**Activity:**
Which lines run from the line with "Nord-Østerdalen , nr. 26557." through the line with "Å drifte et" in the entries below? Print them exactly, both ends included, and nothing more.

**Excerpted records:**

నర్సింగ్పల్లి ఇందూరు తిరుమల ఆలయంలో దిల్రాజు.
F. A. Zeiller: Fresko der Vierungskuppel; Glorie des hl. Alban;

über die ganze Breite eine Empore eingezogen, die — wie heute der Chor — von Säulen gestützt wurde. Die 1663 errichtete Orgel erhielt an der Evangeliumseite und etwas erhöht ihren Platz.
---
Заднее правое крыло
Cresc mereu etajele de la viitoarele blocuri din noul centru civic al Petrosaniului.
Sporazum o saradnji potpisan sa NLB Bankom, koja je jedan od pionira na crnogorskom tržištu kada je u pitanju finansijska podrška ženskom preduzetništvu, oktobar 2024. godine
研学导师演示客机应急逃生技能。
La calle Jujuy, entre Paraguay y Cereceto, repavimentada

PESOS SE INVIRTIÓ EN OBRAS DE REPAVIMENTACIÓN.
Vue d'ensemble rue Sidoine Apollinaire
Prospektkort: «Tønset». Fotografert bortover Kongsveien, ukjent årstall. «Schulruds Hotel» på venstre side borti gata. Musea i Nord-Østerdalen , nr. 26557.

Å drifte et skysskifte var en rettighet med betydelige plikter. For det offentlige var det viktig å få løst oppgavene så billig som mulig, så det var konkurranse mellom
...
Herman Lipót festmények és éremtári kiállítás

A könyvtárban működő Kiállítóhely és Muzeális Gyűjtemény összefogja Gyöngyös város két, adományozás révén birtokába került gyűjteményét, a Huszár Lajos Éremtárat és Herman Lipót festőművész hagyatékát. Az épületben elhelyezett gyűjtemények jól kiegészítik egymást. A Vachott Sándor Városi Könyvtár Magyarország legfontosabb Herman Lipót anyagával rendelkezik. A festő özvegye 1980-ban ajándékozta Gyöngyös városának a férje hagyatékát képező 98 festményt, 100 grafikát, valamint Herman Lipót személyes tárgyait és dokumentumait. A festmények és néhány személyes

**Task answer:**
Prospektkort: «Tønset». Fotografert bortover Kongsveien, ukjent årstall. «Schulruds Hotel» på venstre side borti gata. Musea i Nord-Østerdalen , nr. 26557.

Å drifte et skysskifte var en rettighet med betydelige plikter. For det offentlige var det viktig å få løst oppgavene så billig som mulig, så det var konkurranse mellom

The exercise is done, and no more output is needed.